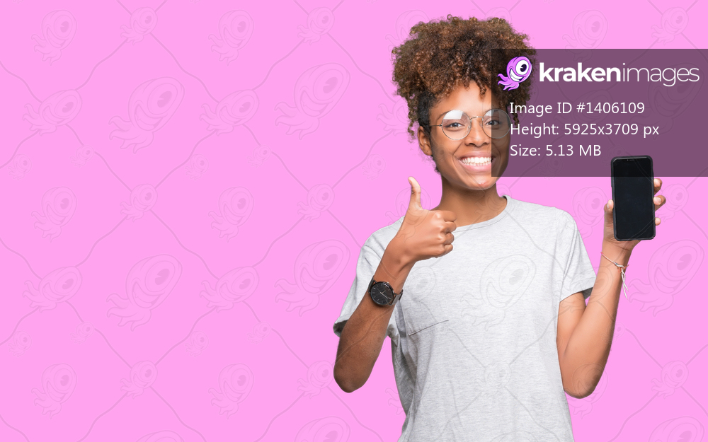 Young african american woman showing smartphone screen over isolated background happy with big smile doing ok sign, thumb up with fingers, excellent sign - Kraken Images
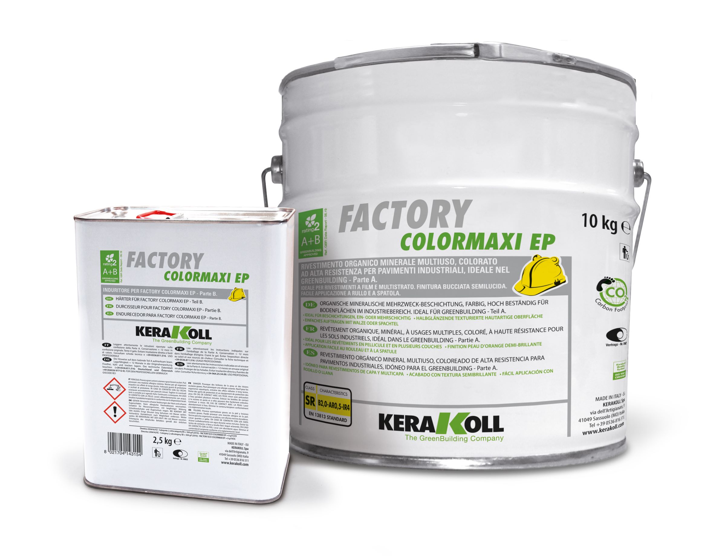 Factory Colormaxi EP is a high-strength, multi-purpose coloured organic-mineral coating designed for industrial floors. It is ideal for creating resin film coatings, plywood layers, and resin mortars, with mechanical and chemical resistance varying based on the selected application cycle and thickness.
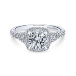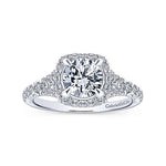 Gabriel & Co. Thyme ER12813R4W44JJ – 14K White Gold Cushion Halo Round Diamond Engagement Ring
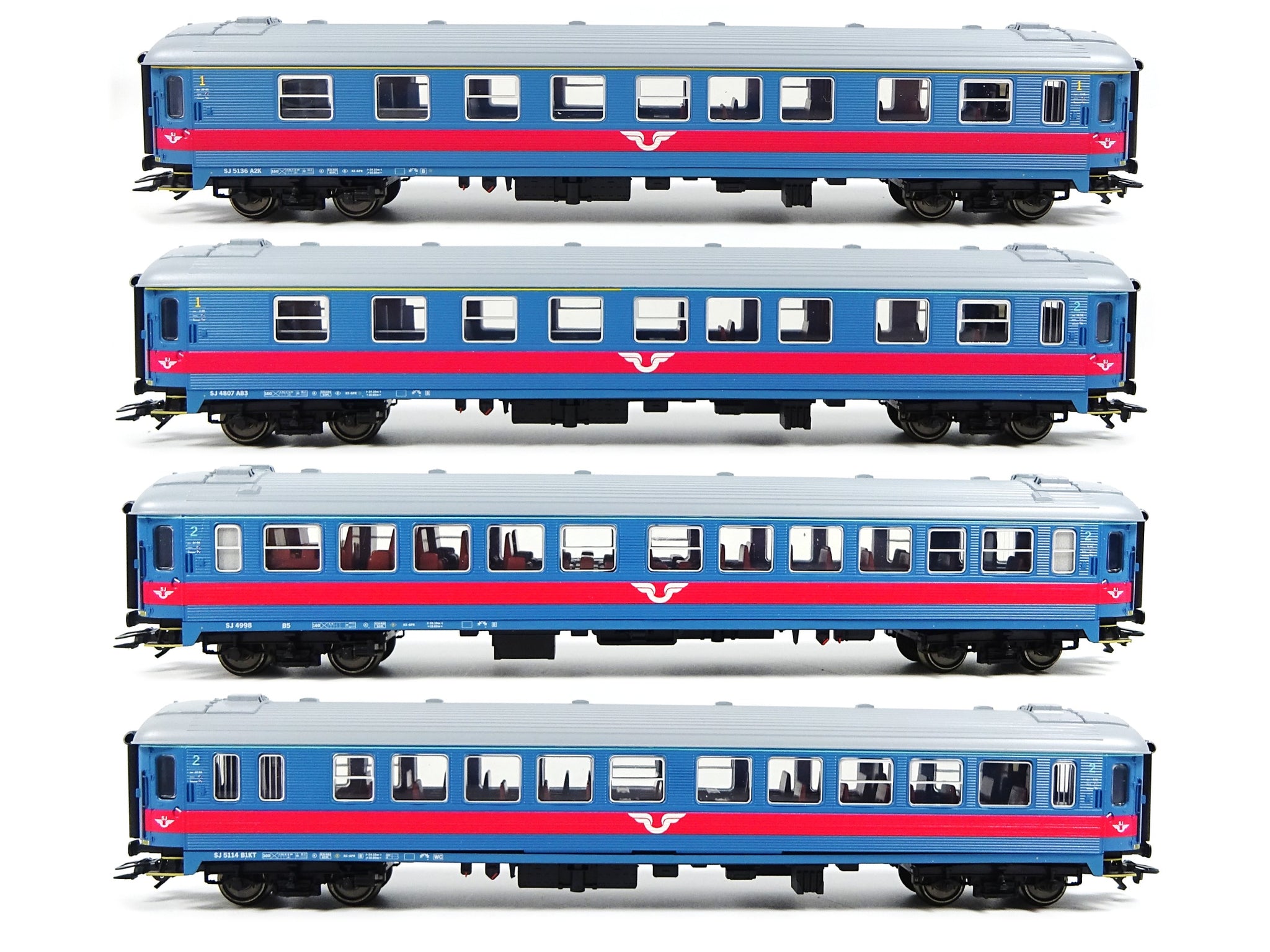 Vorbild: Inter-Regio-Zug der Schwedischen Staatsbahnen (SJ): Typ A2K 1. Klasse, Typ AB3K 1. und 2. Klasse, Typ B1KT 2. Klasse und Typ B5K 2. Klasse. Epoche V
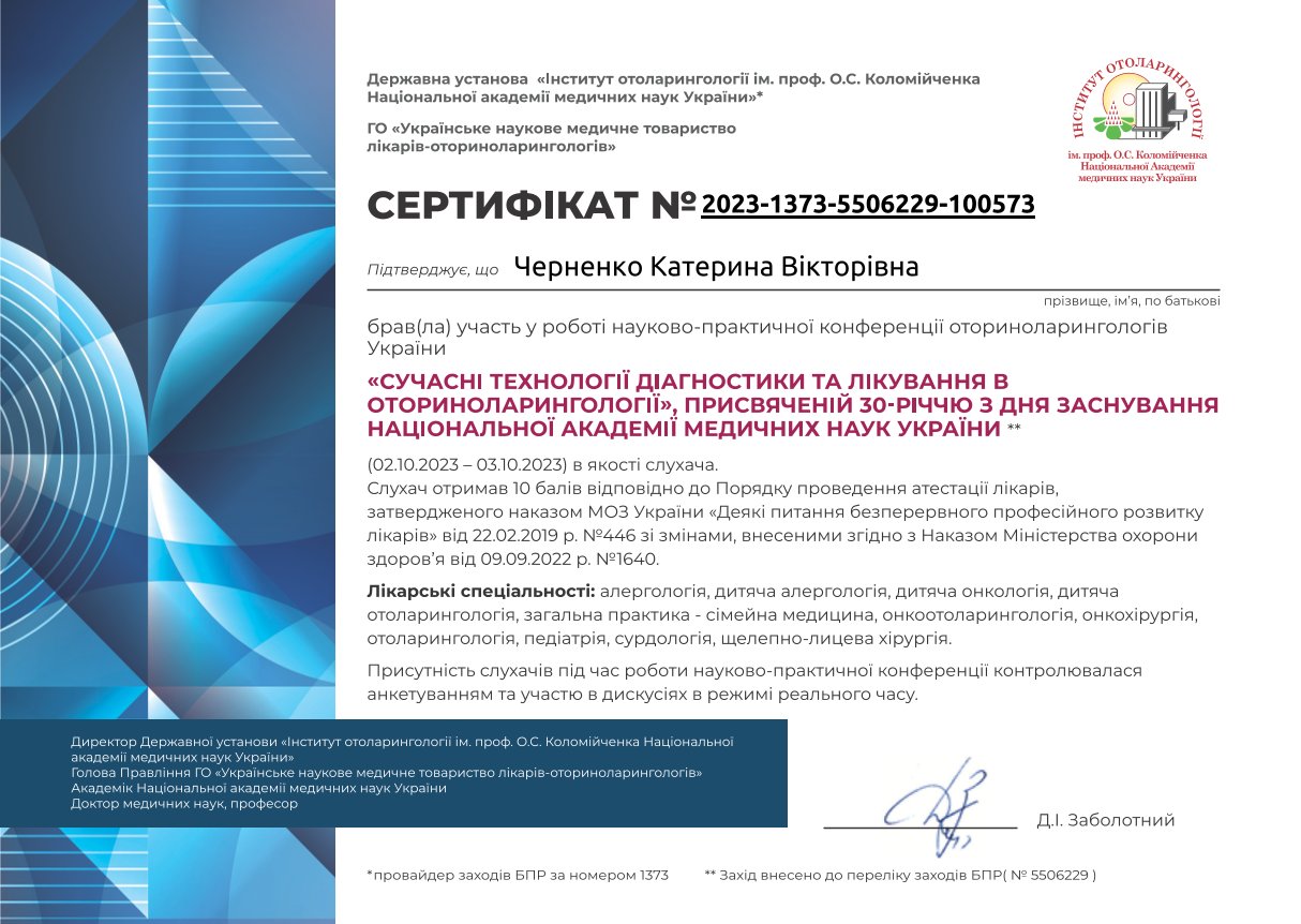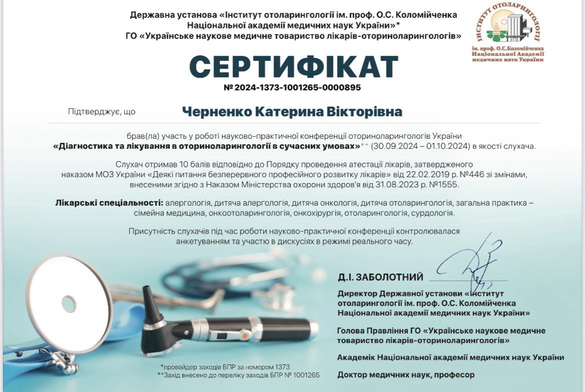Науково-практична конференції оториноларингологів України «Діагностика та лікування в оториноларингології в сучасних умовах» (30.09.2024 – 01.10.2024).
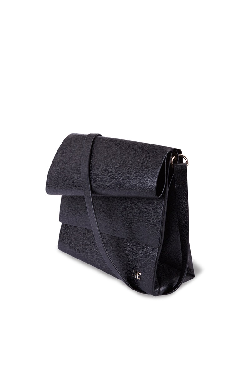 Adjustable shoulder strap. Stitches by hand. Magnetic closure. Three inner pockets, one of them zippered. Textile suede lining. Protective metallic gold rivets at the base. Metallic HEDEN logo.
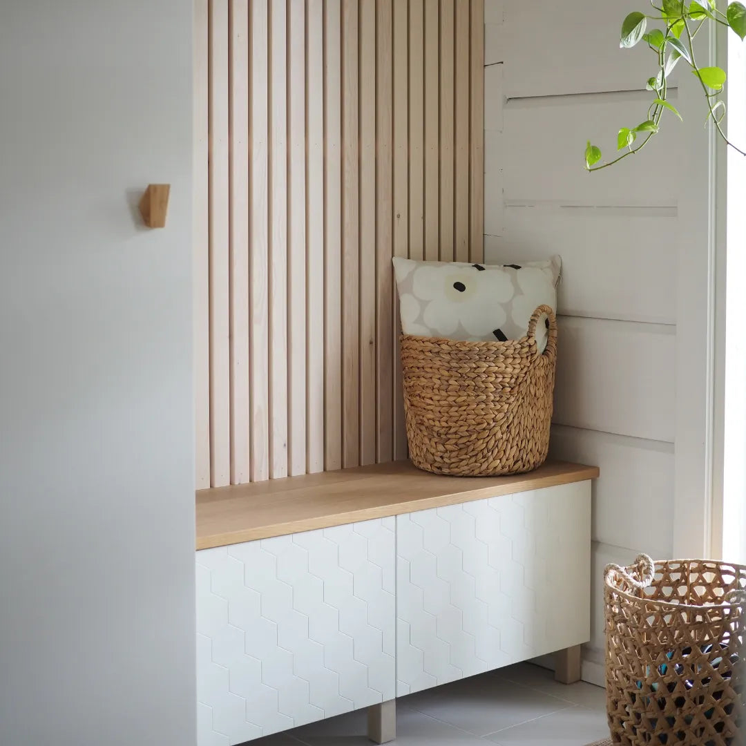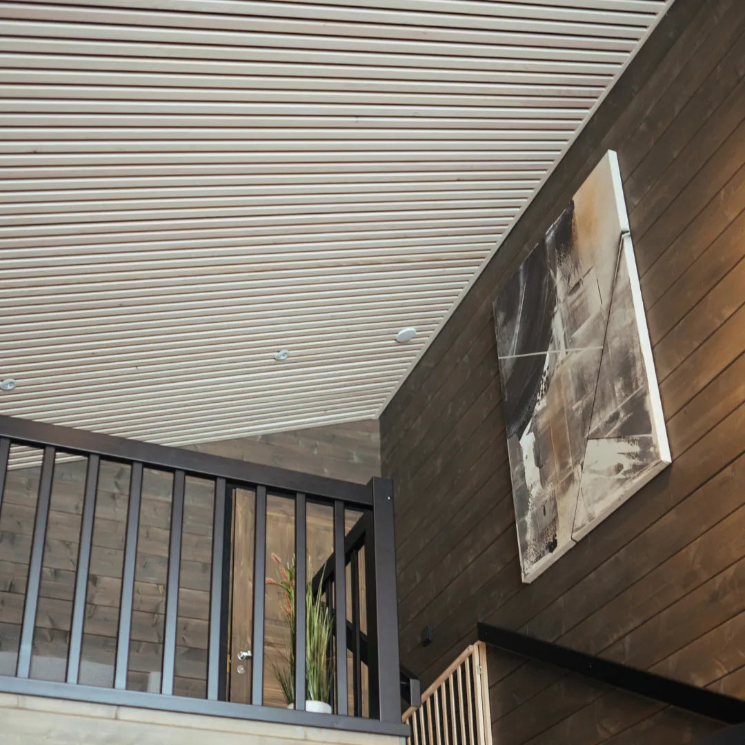 Ceiling/wall slats made from domestic pine are a stylish choice for home interiors.
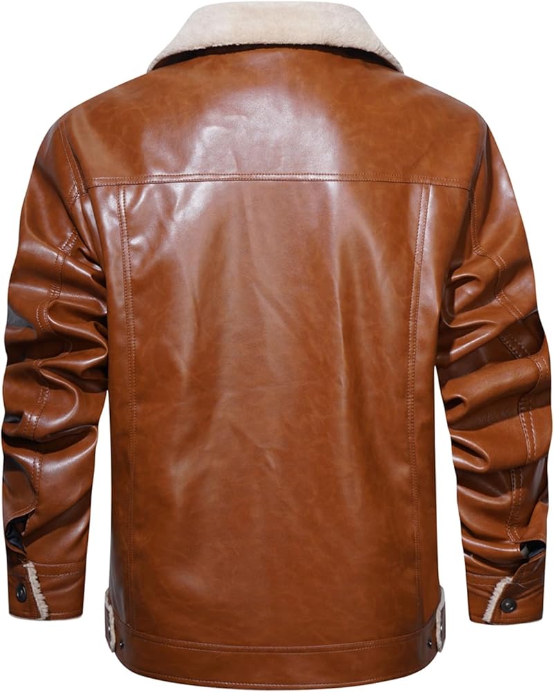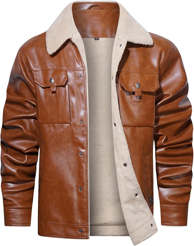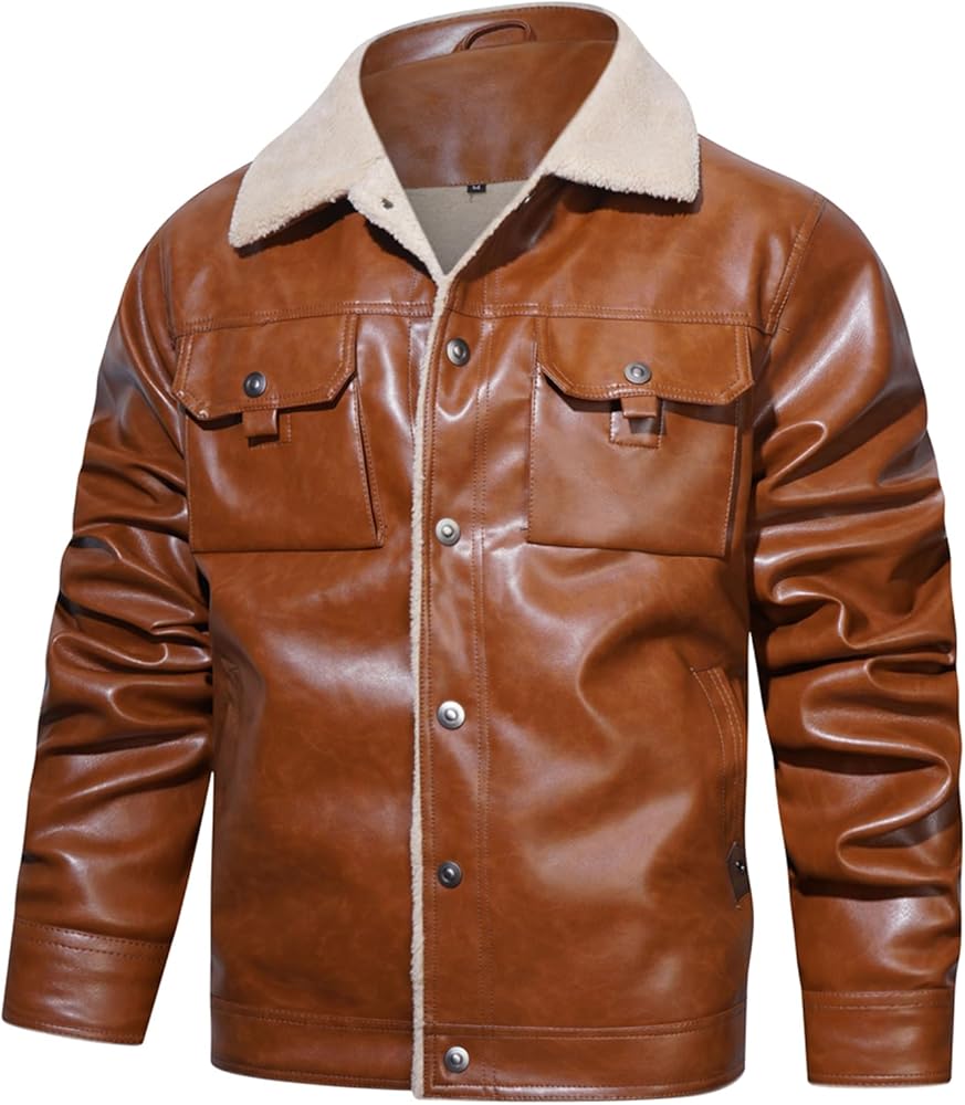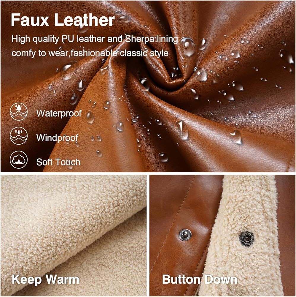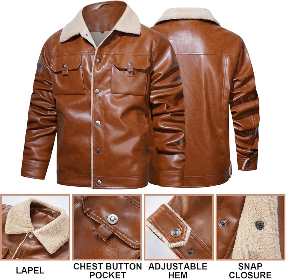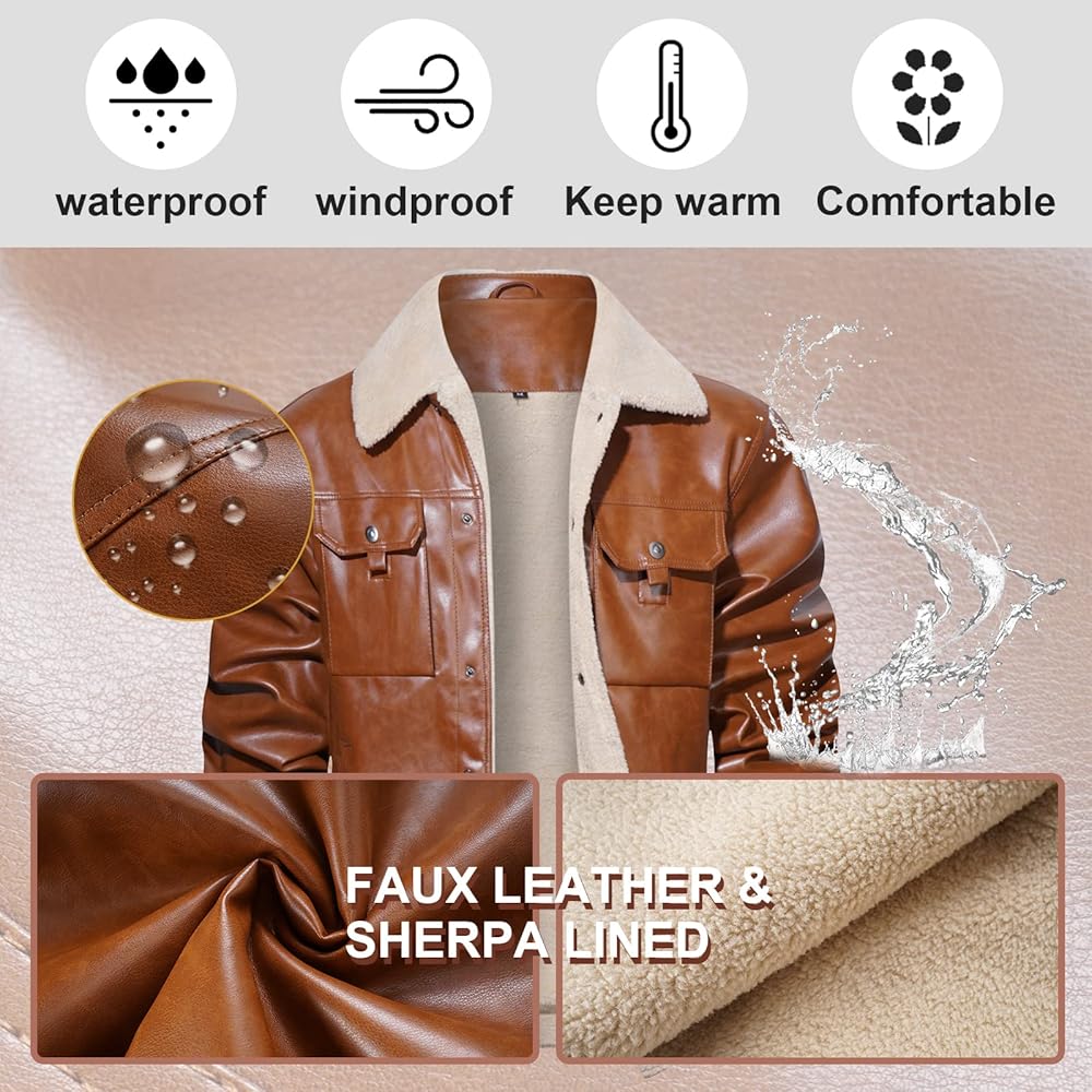 【القماش】هذا الجاكيت الرجالي من الجلد الصناعي مع بطانة كاملة من الشيربا وياقة سميكة وناعمة، مما يوفر راحة ودفء ممتازين في الخريف والشتاء البارد.

---

- **BRIEF**: Transcribe every line from the one with "Adjustable shoulder strap." to the last line of the records above, exactly, excluding pictures.

- **RESPONSE TO THE EXERCISE**:
 Adjustable shoulder strap. Stitches by hand. Magnetic closure. Three inner pockets, one of them zippered. Textile suede lining. Protective metallic gold rivets at the base. Metallic HEDEN logo.
 Ceiling/wall slats made from domestic pine are a stylish choice for home interiors.
 【القماش】هذا الجاكيت الرجالي من الجلد الصناعي مع بطانة كاملة من الشيربا وياقة سميكة وناعمة، مما يوفر راحة ودفء ممتازين في الخريف والشتاء البارد.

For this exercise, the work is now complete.